Tuesday, November 2, 2010

Speaking science: What politicians' spontaneous gestures tell you about their message

It’s Election Day in the United States, and most of the country probably needs a break from politicians after months of dueling campaign ads and heated debates. But something to watch for next time: which hand does a candidate use to gesture when delivering the good news?

After scrutinizing video from the final 2004 and 2008 U.S. presidential debates, researchers found that right-handed politicians—in this case, Massachusetts Senator John Kerry and former President George W. Bush--tend to gesture with their right hands when they’re speaking positively. Their left hands spring into action when they have something negative to say.

But just the opposite was true for the 2008 left-handed contenders, Arizona Senator John McCain and now-President Barack Obama. They gestured with their left hands when they said something positive, and saved their right hand gestures for negative speech.

It’s a striking finding, particularly given the strong associations that “right” has with ideas such as intelligence, honesty, and goodness across cultures. But something deeper—and more personal-- is at work here, said Daniel Casasanto, a neurobiologist from the Max Planck Institute for Psycholinguistics in the Netherlands.

“Overall, the data support the idea that people associate good things with the side of their body they can use most fluently,” Casasanto said. “Dominant is fluent, and fluent is good.”

In their report published in the journal PLOS One, Casasanto and psychologist Kyle Jasmin at the New School for Social Research in New York suggest that this “body-specific” association is mostly unconscious. Presidential candidates—and the rest of us—don’t wittingly link their dominant-side gestures to positive speech.
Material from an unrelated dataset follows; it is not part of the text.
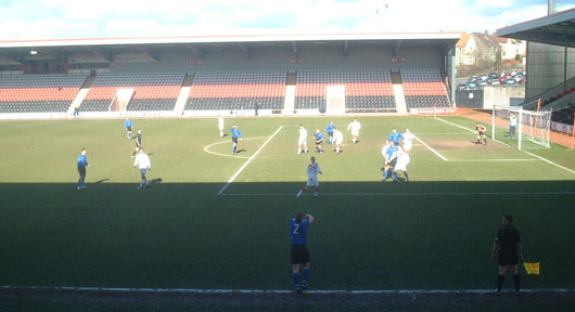 In 76 minutes another McStay free kick caused chaos in the home penalty area and, from Lovell's flick on, Gary Wood so nearly forced the ball home. Three minutes later Sandy Stewart made a double change with Fraser Coyle and Stephen Docherty replacing Graeme Holmes and Gary Twigg. On 75 minutes Stuart Lovell picked up the first booking of the game for a cynical foul on McDougall. A minute later Andy Thomson was denied a goal on the turn from a corner kick by a goal-line clearance. On 86 minutes Jim Thomson joined Lovell in the book for a barge through the back of Prunty and in the final minute so did David Dunn for a trip from behind on McStay.
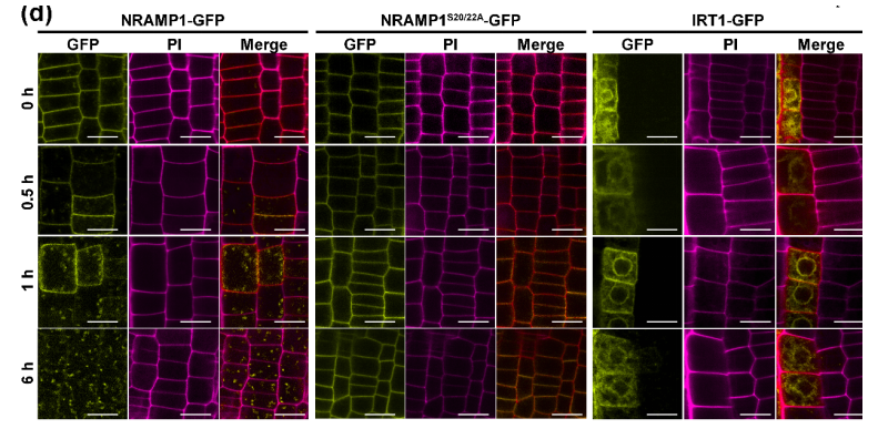 此外,NRAMP1融合GFP的亚细胞定位分析实验表明,NRAMP1的内吞作用随高锰处理时间增加逐渐增强。与体内磷酸化结果相对应,内吞作用也在高锰处理6h达到最高水平,而CBL1/9以及CIPK23的缺失突变与NRAMP1的模拟非磷酸化形式突变(NRAMP1S20/22A) 相同,均严重影响了NRAMP1高锰诱导的内吞作用(图2)。

But those gestures could be useful for those of us trying to decipher a speaker’s true feelings.

“If listeners can track which hand a speaker uses to gesture,” Casasanto said, “they may be able to receive subtle clues to the speaker's attitude toward the things they are talking about.” Of course, he added, a listener would have to know if the speaker was right-handed or left-handed.

In this case, right and left don’t appear to have anything to do with “right-wing” and “left-wing” political leanings. If you’re right-handed, right is good—no matter what your campaign ads say.